The Smithsonian’s Asian Art Museum Has Mysteriously Axed Its Partnership With Hong Kong’s Trade Office After 27 Years

There is little consensus on the real reason behind its quiet ending.

National Museum of Asian Art December 03, 2019 in Washington, DC. (Photo by Katherine Frey/The Washington Post via Getty Images)

The Smithsonian’s National Museum of Asian Art (NMAA) has quietly stopped its partnership with the Hong Kong government’s offices in the U.S. after 27 years.

The reasons behind the move are unclear. The museum indicated that the end of the partnership had to do with its focus on its centennial celebration programming, planned for this year; The Hong Kong Economic and Trade Office (HKETO) in the U.S., which is the de facto official representative of the Hong Kong government, did not offer an explanation; pro-democracy Hong Kong activists in the U.S. said that it was political.

“The National Museum of Asian Art has no present partnership with the Hong Kong Economic Trade Office and is not seeking their support. We are assessing our programming and partnerships on the occasion of our 100th anniversary to make room for new voices and celebrate artists from across Asia,” Lori Duggan Gold, deputy director of the Washington institution, told Artnet News over email via a publicist.

The HKETO, however, did not deny nor did they confirm the end of this partnership. It said that their mission “has been to enrich economic, trade, investment, and arts and cultural ties between the United States and Hong Kong,” in an email reply sent to Artnet News. “Staying true to this mission, the offices continue to explore opportunities to foster people-to-people exchanges and reinforce ties in a range of mutually beneficial areas,” it added.

A statement from the coalition of 20 Hong Kong groups in the U.S. said that the NMAA notified them that it had ended its relationship with the Hong Kong office. They urged U.S. institutions to stop working with HKETO as “the regime censors films, shuts down news organizations, and persecutes creators of art and culture, such as the recent imprisonment of five authors of allegorical children’s books about sheep,” the statement said. Calling for governments abroad to sanction on Hong Kong and China can be considered collusion with foreign forces under the sweeping national security law.

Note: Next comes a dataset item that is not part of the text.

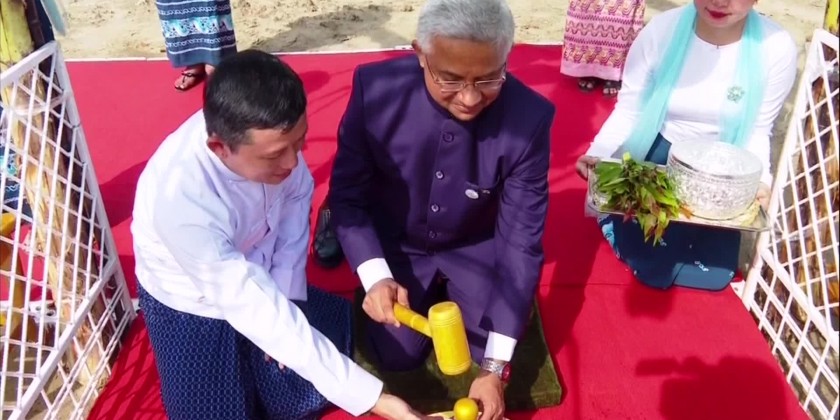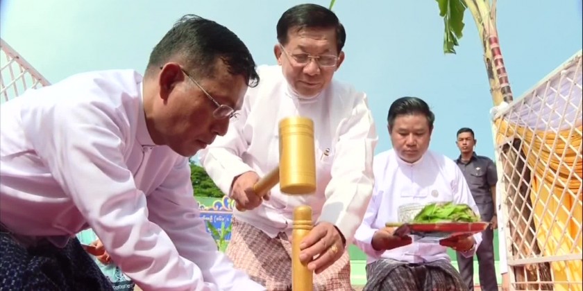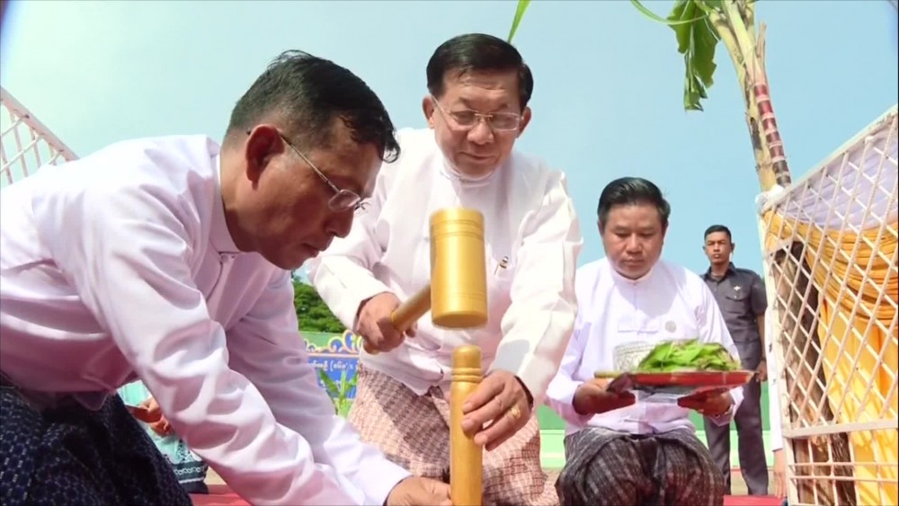 A stake driving ceremony for the building was held on Wednesday with the attendance of Chairman of the State Administration Council Prime Minister Senior General Min Aung Hlaing. At the auspicious time, the Prime Minister drove the Yadana stake at the center of the construction site and sprinkled it with scented water.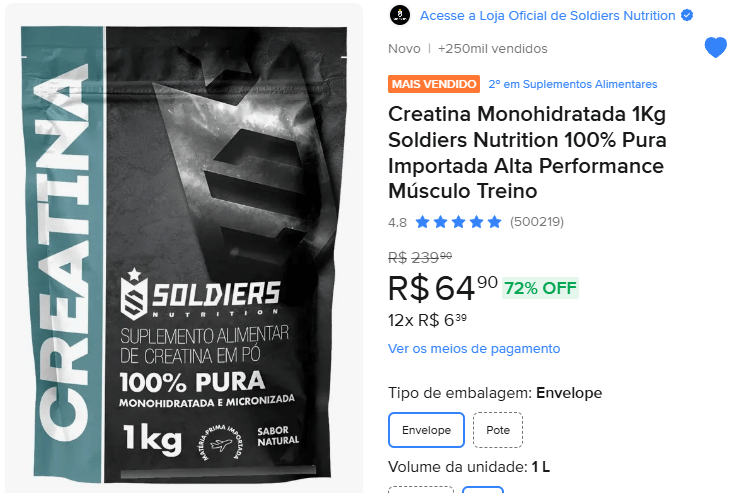 Creatina Monohidratada 1Kg Soldiers Nutrition 100% Pura Importada: de R$ 239 por R$ 64! E ainda tem frete grátis!

The end of the partnership has come as a bill was introduced to the U.S. congress last month, calling for the country to reevaluate its recognition of the office amid the city’s changing political status. The city has lost its autonomy in the eyes of the U.S. government in 2020, following the implementation of the controversial national security law in the same year. The law was imposed by Beijing after waves of pro-democracy protests in 2019.

The HKETO has been a long-term partner of the Washington D.C. museum, mainly collaborating on “Made in Hong Kong,” a film festival showcasing Hong Kong cinema that had a 27-edition run. The last edition, held in August 2022, included an outdoor screening event, but details of the program can no longer be found on the museum’s website. The program sparked an outcry among pro-democracy activists, who accused the museum of collaborating with the city’s government while films were being banned in Hong Kong.

Following the national security law, Hong Kong’s freedom of expression has been said to be under threat, and in 2021, an amended its film censorship law was passed in order to “safeguard national security,” effectively banning films that are politically sensitive.